# Color Quartz Substrate



## squirrelcrusher (Sep 23, 2009)

So I have heard many great things about this substrate and wanted to put it in my new planted tank with mineralized soil under it. Well, I called 3M and found out that they quit making it! Does anyone know of a similar priced product? What are some other options besides the really expensive sands? I want to get black substrate, but am open to other colors if black is unavailible.


----------



## WhiteGloveAquatics (Sep 3, 2009)

if you are doing a soil based tank, jsut get some crushed coral and call it a day.

its the top thing used on top of natural substrate for NPT's

Walstad uses the crushed coral and soil method in her NPT's.


----------



## susankat (Nov 15, 2008)

You wouldn't want crushed coral if you are making a soft water tank as it will raise the hardness. 

How big is the tank? There are several black substrates that can be used but can get expensive if the tank is large. Tahition moon sand, and such. There is also black beauty blasting sand that is available at some places. But you would want to get the finest grade possible as the larger grades tend to cut fish that dig. There is also black aquarium gravel that works for topping of soil.


----------



## squirrelcrusher (Sep 23, 2009)

I am putting it in a 55g. I was hoping to get something slightly smaller in size than the gravel you can buy at the big chain stores, but not quite as fine as sand. I've never seen a sand tank setup, so I'm a little afraid of doing one myself and not liking it. If I could find it cheap enough I was going to get it for 2 55g tanks. One is going to be a planted tank, and the other (if I can find a place to get them) will be a SA cichlid tank with some rams and such in it. 

If I can't find it cheap I will just get something for the planted tank and the cichlid tank will just have to deal with the petco gravel thats in the tank right now.

I have well water (really hard) and house water that has gone through a water softener so I don't think I want to go with crushed coral.


----------



## squirrelcrusher (Sep 23, 2009)

CaribSea Super Naturals | Moonlight Sand | Tahitian Moon | Torpedo Beach | Rio Grand | Amazon | Ramblin Rose | Kon Tiki | Zebra | Peace River

After looking at caribsea's website I am leaning toward the Voodoo River stuff. However, I can't seem to find a retailer to get a price on it. Also, why would a substate be plant friendly and other not be? Tahiti moon sand is not plant friendly or burrowing friendly, but I have heard of alot of people using it.


----------



## squirrelcrusher (Sep 23, 2009)

So my search continues for this VooDoo River gravel. What are some other gravels that are similar to this stuff? It is the only stuff on CaribSea's website that is plant, soft belly, and burrowing friendly. Plus it is black which is what I wanted. What are some other options for me? I really want black, but at this point, I am willing to look at other colors. Please help me out if you can.


----------



## yellotang (May 27, 2010)

squirrelcrusher said:


> So my search continues for this VooDoo River gravel. What are some other gravels that are similar to this stuff? It is the only stuff on CaribSea's website that is plant, soft belly, and burrowing friendly. Plus it is black which is what I wanted. What are some other options for me? I really want black, but at this point, I am willing to look at other colors. Please help me out if you can.

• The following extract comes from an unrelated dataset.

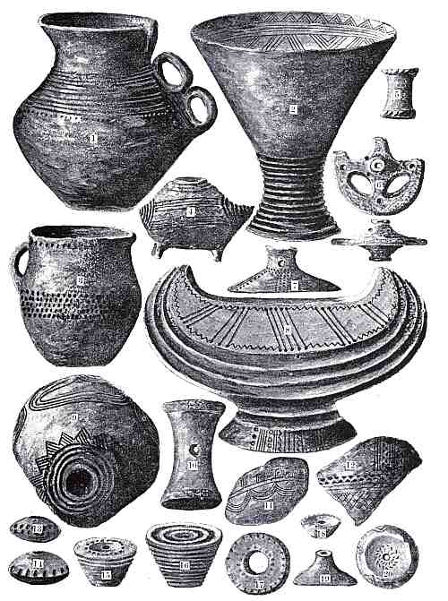 In these circumstances I resolved to proceed de novo, and to construct my story of the lake-dwellings from whatever trustworthy sources I could lay my hands on. In order to carry out this intention my wife and I perambulated the whole of Central Europe with note and sketch books in hand, visiting, as far as practicable, the sites of lake-dwellings, and searching museums and libraries wherever we thought their relics or records were to be found. The eastern limit of the region thus visited may be represented by a line drawn from Königsberg to Trieste, passing through the intermediate towns of Krakow, Buda-Pesth, and Agram. The materials brought together from within this area are, to a very considerable extent, absolutely new to British archæologists. Of course, in a work which aims at putting into the hands of general readers an epitome of the essential facts and results of lacustrine researches since these singular remains were discovered in Europe, I had to take cognisance of some investigations that have already been fully recorded and illustrated. As it was impossible to illustrate typical groups of objects from all the lacustrine stations, I have, as a rule, in selecting the illustrations for this work, avoided those that have already come within the reach of English readers through the translation of Keller's works, except when they belonged to stations that are the best or only representatives of their kind in their respective localities—as, for example, the Rosen Insel in the Lake of Starnberg. Acting on this principle, I have given very few illustrations of objects from Nidau, Moosseedorf, St. Aubin, Wauwyl; nor, for the same reason, is a prominent place given to the earlier discoveries at Robenhausen, Estavayer, Concise, Cortaillod, etc. In this way I have endeavoured to combine in the work now issued as much novelty as possible, without detracting from its general and comprehensive scope. [Pg viii]
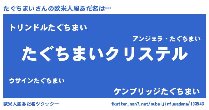 | ファンタジー風あだ名 | 『エターナルタグチマイー』『ゼタグトゥ』 |

I am looking as well. I have a call into Auburn and a daughter going up there next weekend. Maybe then.


----------



## squirrelcrusher (Sep 23, 2009)

My search for the VooDoo river turned out with nothing but confusion. So I gave up and settled for some conga roc from LFS. Carib-sea refered me to a dealer that was suppose to have the stuff and he didn't but gave me a number to a place that did, they didn't have any and told me to call carib-sea. This was after playing phone tag for like a week. Still wouldn't mind getting my hands on the stuff it if became availible.

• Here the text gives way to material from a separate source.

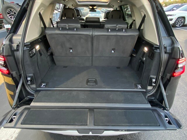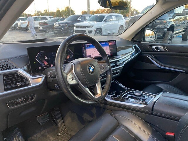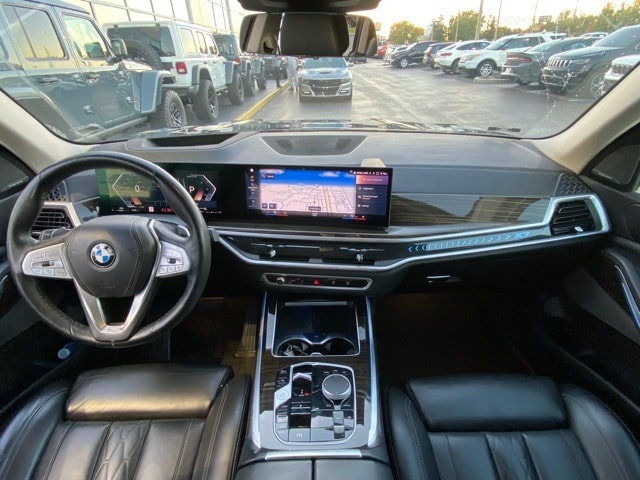 This X7 is well equipped with Connected Package Pro, 10 Speakers, 3.64 Axle Ratio, 3rd row seats: split-bench, 4-Wheel Disc Brakes, ABS brakes, Adaptive suspension, Air Conditioning, Alloy wheels, AM/FM radio: SiriusXM, AM/FM Stereo, Apple CarPlay & Android Auto Compatibility, Apple CarPlay Compatibility, Auto High-beam Headlights, Auto tilt-away steering wheel, Auto-dimming door mirrors, Auto-dimming Rear-View mirror, Auto-leveling suspension, Automatic temperature control, BMW Assist eCall, BMW TeleServices, Brake assist, Bumpers: body-color, Compass, ConnectedDrive Services, Delay-off headlights, Driver door bin, Driver vanity mirror, Dual front impact airbags, Dual front side impact airbags, Electronic Stability Control, Emergency communication system: BMW Assist eCall, Exterior Parking Camera Rear, Four wheel independent suspension, Front anti-roll bar, Front Bucket Seats, Front Center Armrest, Front dual zone A/C, Front reading lights, Fully automatic headlights, Garage door transmitter, Genuine wood console insert, Genuine wood dashboard insert, Genuine wood door panel insert, Head restraints memory, Heads-Up Display, Heated door mirrors, Heated front seats, Heated Multi-Contour Seats, Heated steering wheel, Hi-Fi Sound System, Illuminated entry, Knee airbag, Live Cockpit Pro w/Navi, Low tire pressure warning, Memory seat, Navigation system: BMW Maps Navigation, Occupant sensing airbag, Outside temperature display, Overhead airbag, Panic alarm, Passenger door bin, Passenger vanity mirror, Personal eSIM 5G, Power adjustable front head restraints, Power door mirrors, Power driver seat, Power Front Seats, Power moonroof: Panorama, Power passenger seat, Power steering, Power windows, Radio data system, Rain sensing wipers, Rear air conditioning, Rear anti-roll bar, Rear dual zone A/C, Rear reading lights, Rear seat center armrest, Rear window defroster, Rear window wiper, Reclining 3rd row seat, Remote keyless entry, Security system, Sensafin Upholstery, SiriusXM Satellite Radio, Speed control, Speed-sensing steering, Speed-Sensitive Wipers, Split folding rear seat, Spoiler, Sport steering wheel, Steering wheel memory, Steering wheel mounted audio controls, Tachometer, Telescoping steering wheel, Tilt steering wheel, Traction control, Trip computer, Turn signal indicator mirrors, Variably intermittent wipers, Wheels: 21" x 9.5" Y-Spoke Bi-Color, and Wireless Charging Device.

yellotang - How do you like Pasco?


----------



## yellotang (May 27, 2010)

squirrelcrusher said:


> yellotang - How do you like Pasco?


I actually live North of Pasco, out in the country. I like it fine.

Have you looked at Beaver Bark and seen their Red Sand? I am starting to lean that way if I can not get a hold of the black stuff.


----------



## squirrelcrusher (Sep 23, 2009)

North Pasco thats good. Where about? I have lots of family out my Merils Corner or whatever its called.

No I never checked out beaver barks stuff. I called and they said they didn't have any small colored gravel or sand.


----------



## yellotang (May 27, 2010)

I am in Seattle tonight with the wife. Looking around and not seeing anything promising.


----------